Have you ever wondered how perfectly good pets end up in dog shelters? One extreme case is the plight of Onion the dog. Onion is a six year old Mastiff/Rhodesian ridge back who awaits his fate in the Nevada shelter, Henderson Animal Control and Care Facility. Onion's fate seems to be sealed unless Nevada Supreme Court decides to take up this case.
Onion is what some would call a cold blooded killer who many would have very little compassion for. It seems this one hundred twenty pound beloved family pet turned killer in a tragic moment at a baby's first birthday party. The one year old little boy, Jeremiah Skahan crawled to the dog then pulled his fur to bring himself to a standing position. Onion grabbed the child by the face and shook him .Jeremiah died later at the University Medical Center.
Onion was turned over to Henderson Animal Control by owner, Elizabeth Keller who is also the baby"s grandmother. The city was to euthanize the dog as is the procedure under the city's vicious dog ordinance, until a group called the Lexus project intervened. At this point Lexus is hoping the Nevada Supreme Court will hear the case. Meanwhile, Onion will await his fate at the city's animal rescue shelter.
In less sophisticated times in our society a dog would have been taken out back and shot for a much lesser offense. Although this is not a pleasant topic it is evidence of the drastic change in the way people view their pets. There is also a large move towards establishing legal rights for our pets. This may be a controversial issue especially when it involves the loss of human life.
I am both a pet owner/lover and a grandmother and I must say when it comes to this issue for me the line is very clear. My dogs are a great source of companionship and yes I love them they are my pets. However, I can make a very clear distinction as to their importance and place in our family. My grand children are living, breathing human beings and their health and well being comes long before any pet I will ever own.

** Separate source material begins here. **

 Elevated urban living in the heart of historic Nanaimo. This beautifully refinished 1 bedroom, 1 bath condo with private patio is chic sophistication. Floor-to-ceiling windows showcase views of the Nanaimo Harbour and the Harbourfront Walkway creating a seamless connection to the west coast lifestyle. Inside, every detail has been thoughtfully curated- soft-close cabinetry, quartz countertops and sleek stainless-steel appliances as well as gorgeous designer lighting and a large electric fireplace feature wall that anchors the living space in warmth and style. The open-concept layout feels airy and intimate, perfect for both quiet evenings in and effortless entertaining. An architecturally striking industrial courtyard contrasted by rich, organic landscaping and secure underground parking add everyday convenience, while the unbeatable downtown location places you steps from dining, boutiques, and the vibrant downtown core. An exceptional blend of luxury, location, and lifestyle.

As pet owners in today's society I think it is past time for us to determine not only our pet's place in society but their place in our families. It is also past time for us to take responsibility for our pet's action. We can not defend them as being an unknowing animal on one hand then hold them up as something of an equal to human life. We can not have it both ways.

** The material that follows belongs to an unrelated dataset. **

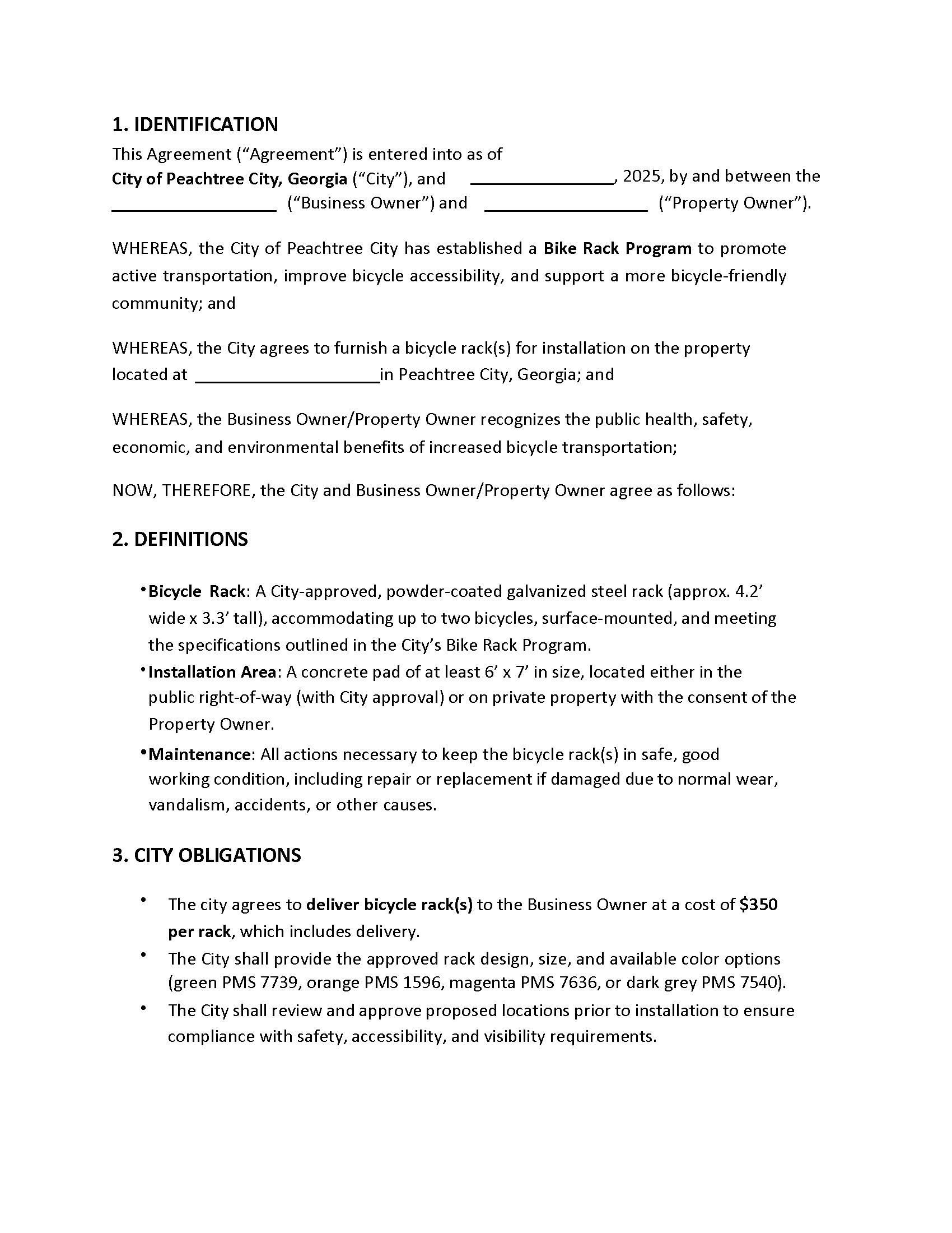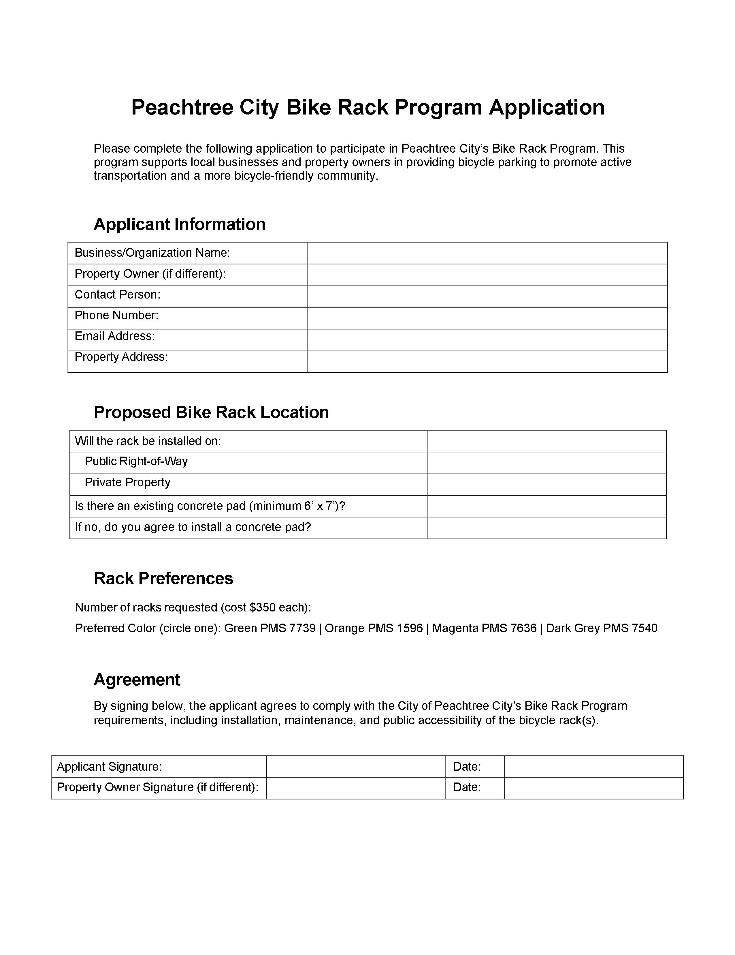 The City of Peachtree City's Bike Rack Program is part of a broader initiative to promote active transportation and support a more bicycle-friendly community With over 15 new bike racks to be installed throughout the city, the program enhances accessibility for cyclists, making it easier to commute, run errands, and explore We want to extend this program to local businesses Investing in bicycle infrastructure helps the community by boosting the local economy, improving safety, and encouraging healthier lifestyles Well-placed bike racks and trails attract tourism and provide greater access to businesses, further strengthening Peachtree City's commitment to sustainable and active transportation

It all comes down to once again pet ownership responsibility. We need to be constantly vigilant when it comes to assessing anything that remotely resembles aggressive behavior in our pets. Know what the characteristics are of the pet that you are considering adding to your family. Understand if the pet you are thinking about is a good match for a family with children or would they be better suited to a one person family. Determine why you want a pet before you get one. Are you looking for companionship or are you more interested in protection. Not saying you can not have both in a family pet just some types of animals are better suited for different lifestyles and families. It is also important to understand your pet's breeding and history especially if they are not a puppy or you are considering looking for your new pet in dog shelters.
The point I want to make is that every pet owner needs to be a responsible. I am not saying that accidents never happen because we all know they do. Nor do I mean to diminish the importance of our pet's place in the family. My personal opinion is there are far too many tragic situations involving pets which happen with entirely too much frequency in our society. I for one am not sure that the answer to this is to give animals legal rights which may result in years of costly litigation, leaving the poor victim with even more to deal with.
Yes, animal rescue shelters are a wonderful resource in many ways but the responsibility still lies with us as pet owners, long before we make the decision to take our pet home. Pet ownership is a serious responsibility and a decision which should by no means be made on the spur of the moment nor taken lightly. Even with precautions there is no guarantee the pet we choose will be a match for our family it may however decrease the chances of a problem.